Second observation of cinereous (black) vulture for Senegal

(please also see this post from 2018, with some corrections and additional information on the species in Senegal)
Thanks to Simon Cavaillés and the team of Ligue pour la Protection des Oiseaux (LPO) Isère for providing a photo and account of the LPO find, during a birdwatching tour of Senegal in late January, of Senegal’s second cinereous vulture Aegypius monachus, following the first record reported in the Bulletin of the African Bird Club in 2007.  I copy the note below. The bird was with a hundred or so other large vultures at a carcass: mostly Ruppell’s and African white-backed, but also lappet-faced and Eurasian griffon.
Observation d’un vautour moine au Sénégal.
Dans le cadre du premier voyage Sénégal organisé par la LPO Isère, nous avons observé le 23 janvier un groupe d’une centaine de vautours à moins d’un kilomètre au sud du village de Tiom sur la R60 (entre Kolobane et Kaffrine).
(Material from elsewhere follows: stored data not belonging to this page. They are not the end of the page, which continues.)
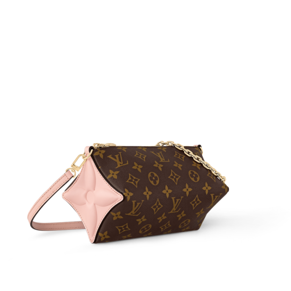 The Bloom pouch combines Louis Vuitton's iconic Monogram canvas with pastel-colored leather on its side panels. This feminine mini bag is notable for its distinctive shape, inspired by a Monogram Flower. It can hold essentials such as a compact wallet, phone, keys and lipstick, and can be worn with or without its delicate, gold-tone chain....
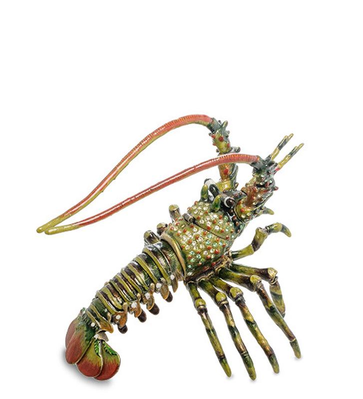 Шкатулка для украшений Лобстер 11 см 1601508 Длина: 11 см; Ширина: 13 см; Высота: 10 см; Вес: 0.3 кг. материал-металл Присмотритесь - это не наш речной рак. Нет клешней, ноги полосатые, усы окрашены в красный цвет, рядом с глазами на стебельках растут маленькие рожки - это обитатель тропических морей, лобстер, известный деликатес. Но этого рака есть нельзя: он металлический. И к тому же имеет секрет - его усыпанная блестящими кристалликами голова приподнимается, откидывается на петле и открывает содержимое маленькой шкатулочки. В такой удобно держать тот минимальный набор украшений, которые вы носите каждый день - сережки, пару колечек, цепочку. Они будет храниться в полном порядке и останутся легко доступными по первому же требованию.
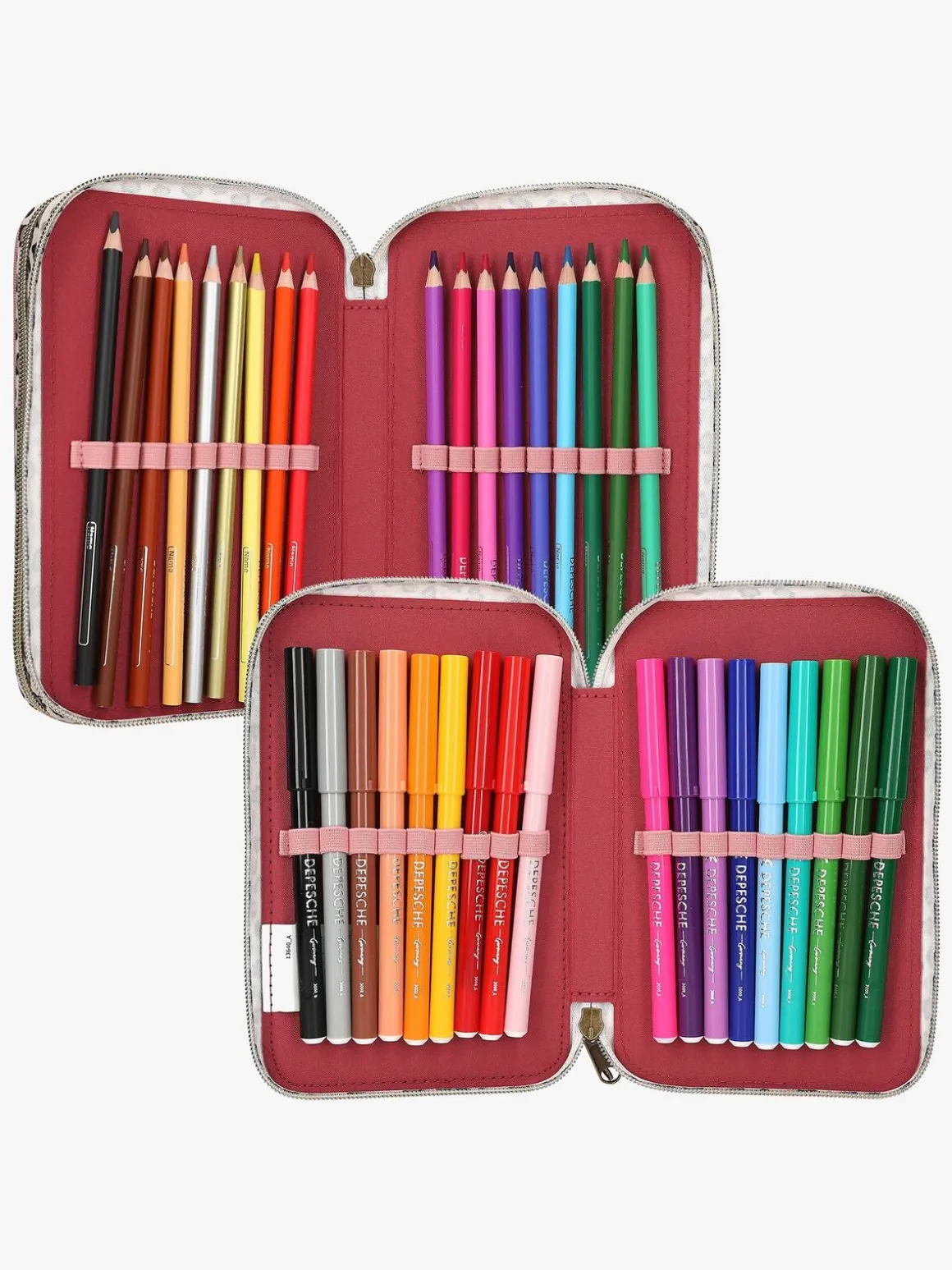 – Indeholder: 1 penalhus, 18 farveblyanter, 18 tusser, 2 blyanter, 1 saks, 1 limstift, 1 blyantspidser, 1 lineal, 1 viskelæder.
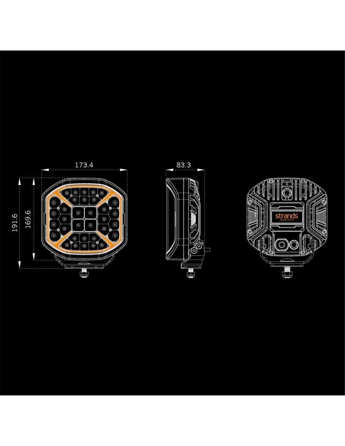 A lanterna Strands Siberia X Driving Light de 7" oferece desempenho excepcional com seu feixe otimizado. Ela gera até 7.430 lm reais no modo X (1.640 lm no modo E), iluminando efetivamente até 620 metros no modo completo ou 308 metros no modo estendido.

A 100m à l’est de la route un cadavre de zébu et à 50m à l’ouest une petite mare où venaient se laver et se sécher les vautours. Parmi ces vautours se trouvaient une majorité de Vautours de Rueppel et de Vautours à dos blanc mais aussi des Vautour fauve, 4 Vautours oricou et un Vautour moine immature (voir photo L.Puch).
Un des vautours fauve était bagué couleur : patte droite, jaune CX8. Bague métal et marquage alaire pas visibles. Occupés par le vautour moine et les oricoux nous n’avons pas âgé l’individu. La recherche du bagueur est en cours.
L.Majorel, L.Puch &al, LPO Isère.
The sighting was 60km north-east of Kaolack, in the southern part of the West Central Agricultural Region, traditionally described as the most altered of Senegal’s eco-regions from centuries of agricultural expansion. However, the US Geological Services’ Gray Tappan writes that this expansion peaked in the 1980s and there is now increasingly “unplanned fallow” as the population drifts into the main cities. This may have little effect on what appears to be the best region in Senegal north of Gambia for vultures, but recently abandoned land could account for the huge numbers of large insectivores (notably lesser kestrel, swallow-tailed kite, Montagu’s harrier and white stork) in the area in recent years. There is on-going research into birds and agricultural change in this southern zone, which is well worth inclusion in a birding tour, despite is rather blasted, prairie landscape in places.
As for the cinereous vulture, although its global decline, especially in Asia, has put it on the IUCN Red List as Near Threatened, the population in Spain is on the increase and one could imagine this bird tagging along with the commoner European griffon vulture, which is also on the increase in Spain and as a trans Saharan migrant to Senegal.